# [Supplied data]
#####
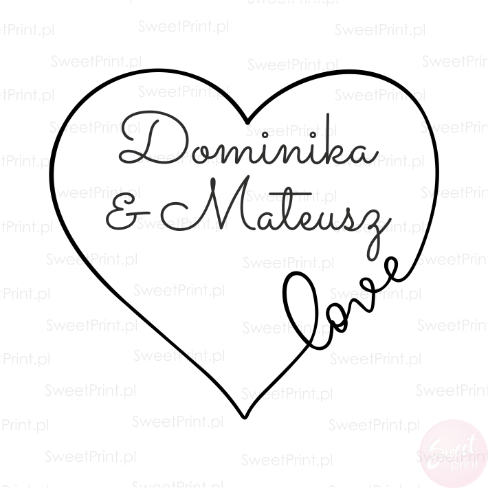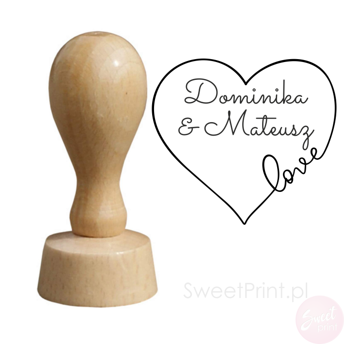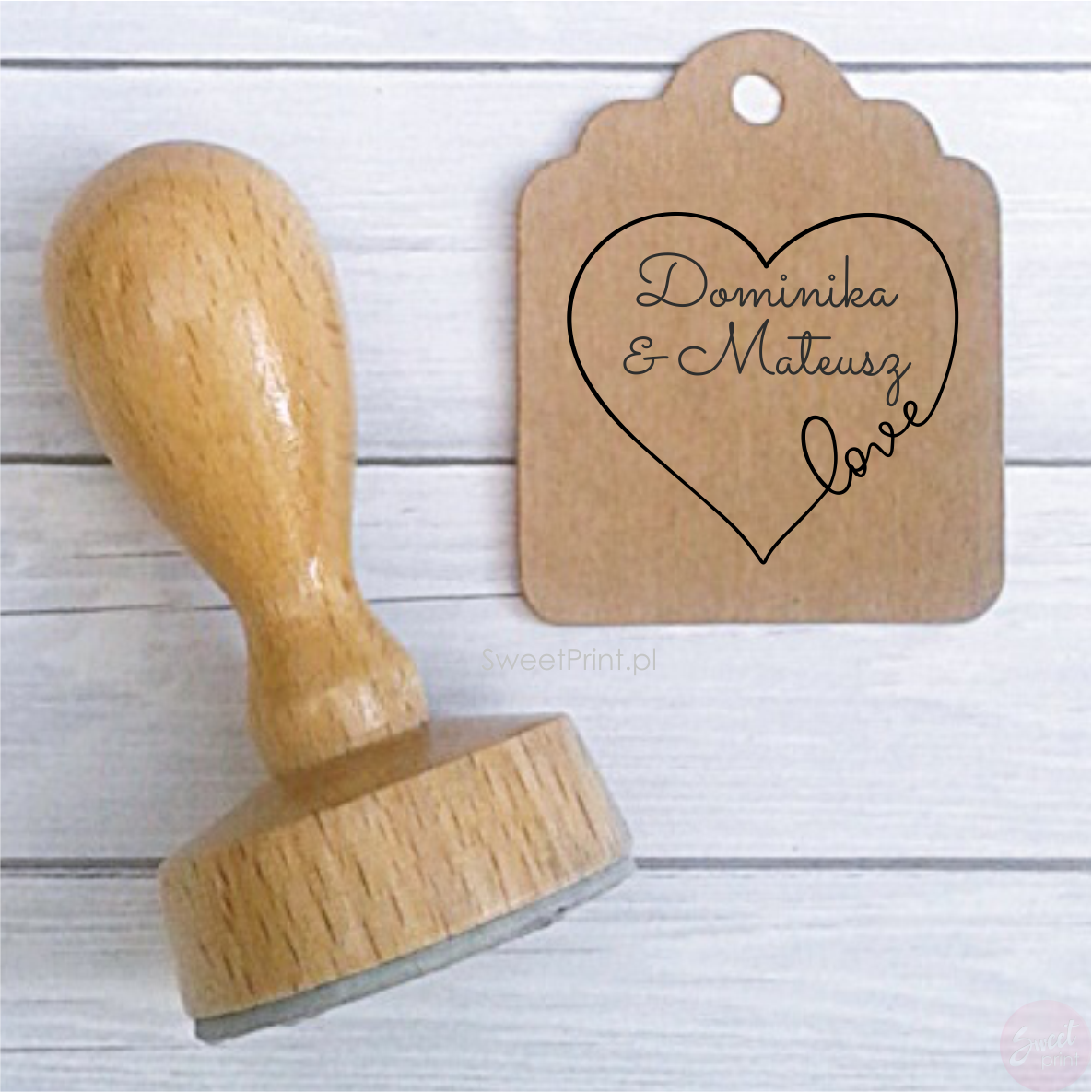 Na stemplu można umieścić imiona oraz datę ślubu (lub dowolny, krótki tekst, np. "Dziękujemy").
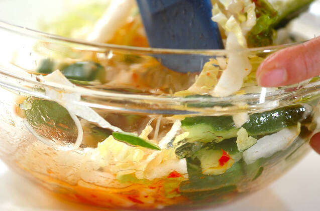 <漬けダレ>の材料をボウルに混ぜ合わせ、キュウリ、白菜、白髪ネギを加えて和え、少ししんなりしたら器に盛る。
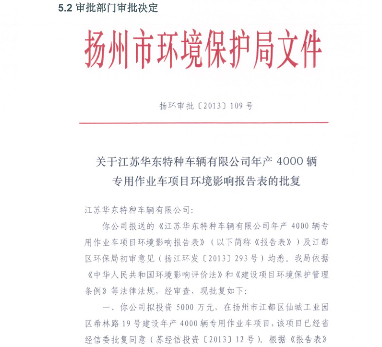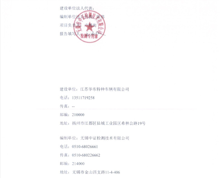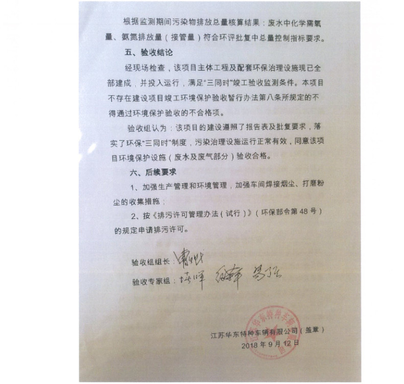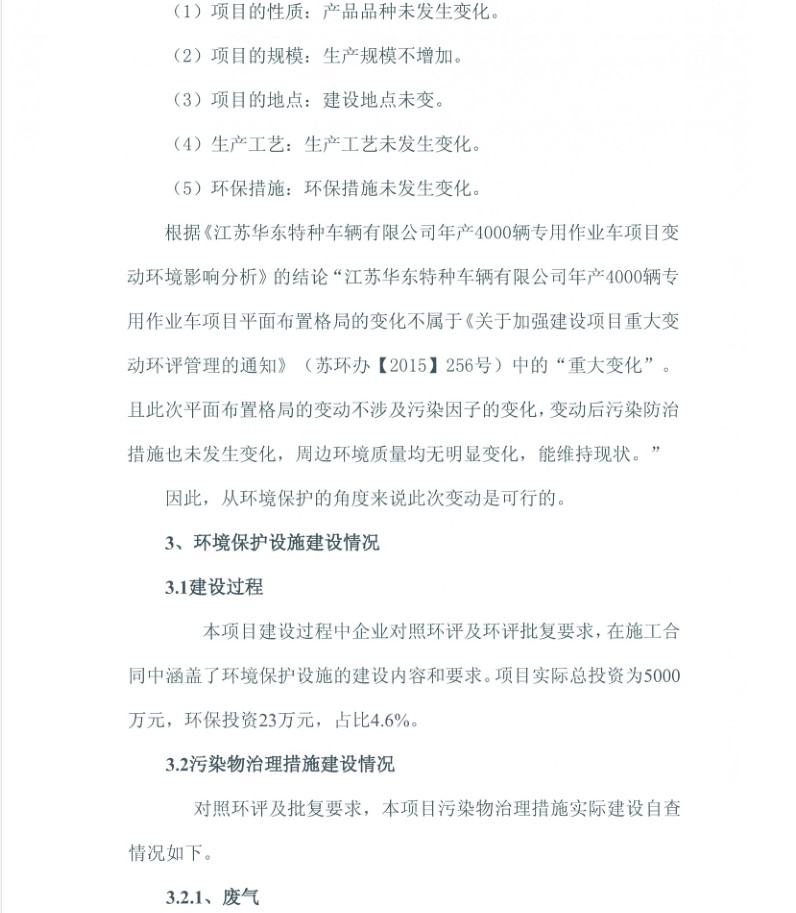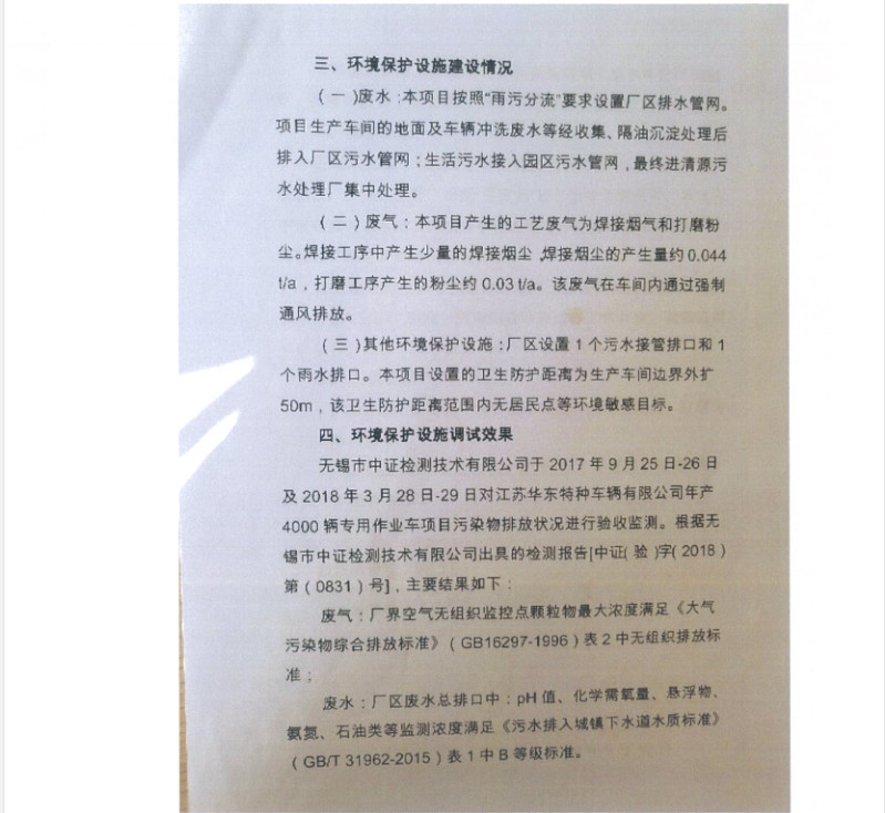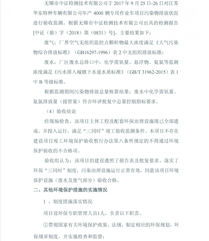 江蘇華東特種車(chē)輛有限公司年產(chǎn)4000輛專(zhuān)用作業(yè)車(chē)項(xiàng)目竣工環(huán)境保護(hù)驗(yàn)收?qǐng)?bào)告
#####
# [Instructions to follow]
With pictures excluded, restate word for word the lines from the one that contains "<漬けダレ>の材料をボウルに" through the end of the material, inclusive, and nothing more.

# [Output for this task]
 <漬けダレ>の材料をボウルに混ぜ合わせ、キュウリ、白菜、白髪ネギを加えて和え、少ししんなりしたら器に盛る。
 江蘇華東特種車(chē)輛有限公司年產(chǎn)4000輛專(zhuān)用作業(yè)車(chē)項(xiàng)目竣工環(huán)境保護(hù)驗(yàn)收?qǐng)?bào)告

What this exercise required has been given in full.